A couple of weeks back, I was easing into the day, enjoying the peace before the rest of the house began to stir.
Skimming through the newspaper on my phone, I stumbled into an article that nearly made me choke on my morning coffee.
According to this piece, researchers at University College London found that the key to happiness lies in settling for mediocrity.
Read that again: the key to happiness lies in settling for mediocrity.
Mediocrity. The key to happiness? I know! Crazy, right?
The research tested groups of people to find out what induced happiness. They discovered that—brace yourself—happiness followed ‘when the outcome of a situation was better than expected’.
Who knew?
And, not content with that paradigm-shifting discovery, the researchers even developed an algorithm and an iPhone app to prove it!
What made me nearly choke wasn’t the finding itself (earth-shattering and choke-worthy though it surely was, at least according to the article), but the recommendation that followed: in order to be happy, you should set the bar of expectation nice and low.
Nice. And. Low.
Think on that for a moment: if you want to be happy you need to lower your expectations.
From what I read, if you’re meeting friends for a meal, you should pick a low-grade joint rather than your top-end favourite restaurant. According to the research, your expectations of the top-end restaurant will be so high that disappointment is inevitable.
Basically, if you stand six feet tall, don’t reach for the stars, reach for something that’s a maximum of six feet off the ground, and you can’t lose.
But here’s the thing with that approach: you can lose. In fact you can lose everything.
Imagine Thomas Edison thinking to himself “Well, Sir Humphry Davy couldn’t get it to work, and it didn’t really play out for Warren de la Rue. So, as much as I’d like to have a crack at making a lightbulb, I think I’ll just stick with this candle. It’s not ideal, but it’ll do.”
What if Tim Berners-Lee had thought “I guess it could be kind of cool if there was something like a world wide web. But, heck, you get yesterday’s news in the newspaper, and the postal system isn’t such a bad way to keep in touch.”?
And what if you convinced yourself that the world didn’t really need the best version of you?
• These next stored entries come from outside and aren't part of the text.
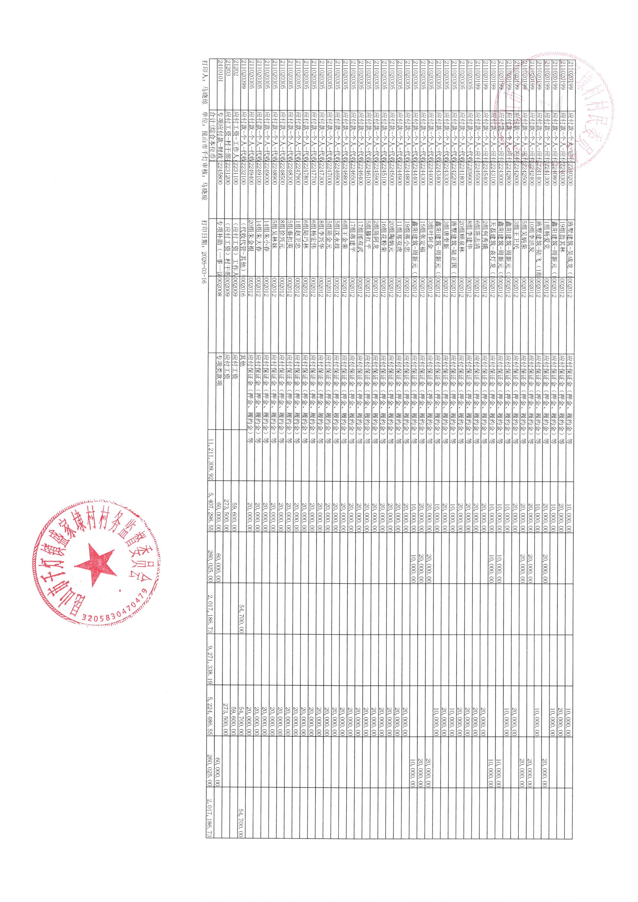 村盖章事项名录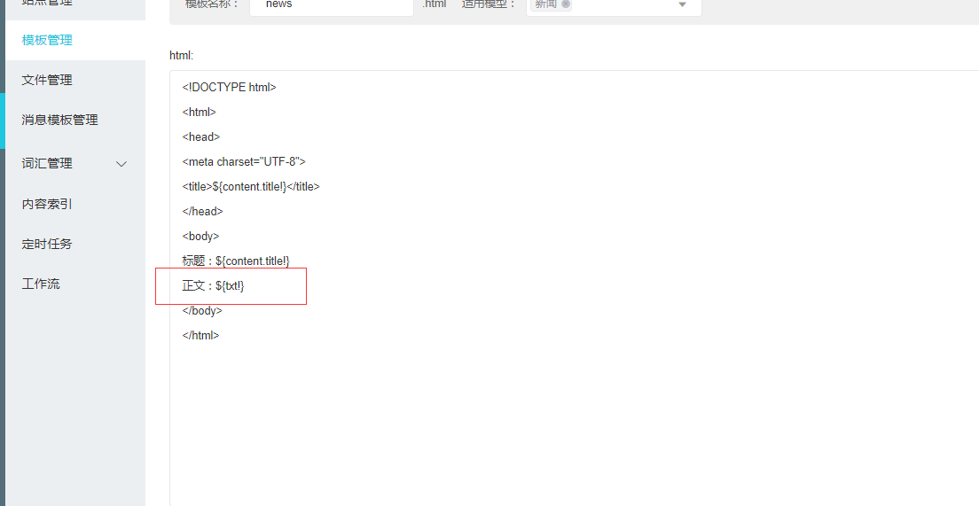 没效果,我猜测你说的是v9? 我记得老版本是txt,txt2,txt3之类的,且固定只有三个 jeecmsx的话,添加的富文本框可以设置该项的标签名称。如果是添加的是普通输入框,那么可以通过content.attr.标签名称.value获取到,但这个方法获取不到富文本框的值,所以想问下如何获取富文本框内容 |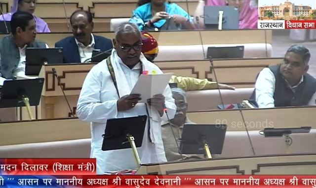 जयपुर,(एआर लाइव न्यूज)। शिक्षा मंत्री मदन दिलावर ने सोमवार को विधानसभा में पूरक प्रश्न का जवाब देते हुए आश्वस्त किया कि प्रदेश के महात्मा गांधी अंग्रेजी माध्यम विद्यालयों के संचालन के सम्बन्ध में उचित निर्णय लेकर विद्यार्थियों के हित में कार्यवाही की जाएगी। उन्होंने बताया कि इस संबंध में राज्य सरकार द्वारा मंत्रिमंडलीय उपसमिति का गठन किया गया है। समिति की रिपोर्ट के आधार पर अग्रिम कार्रवाई की जाएगी। mahatma gandhi english medium school rajasthan

What if the interpretation of your life that you find yourself trapped inside isn’t really that bad, after all?
What if you convinced yourself that, instead of reaching for the stars, you should pick from the low-hanging fruit?
If you did those things, would you die happy, believing you had lived the life you were made for? Or would you take a sense of regret, of missed opportunity, of “what if?” and “if only” into eternity with you?
You are meant for more, not less.
You are meant to soar with eagles, not wade through the quagmire of mundane existence.
You are meant to raise the bar of expectation to new, yet to be discovered, heights, not drag it to the depths of what has always been.
You are a sojourner, not made to settle, or accept mediocrity as your companion.
For you, happiness—real happiness—does not lie in the achievable, it lies in the unachievable.
For you, happiness is not to be found in the outcome—the destination—but in the adventure towards that place on the horizon where the world is as it should be.
Don’t be duped into existence. Never lower your expectations. Always reject mediocrity—life is an adventure to be lived, not an algorithm or an iPhone app.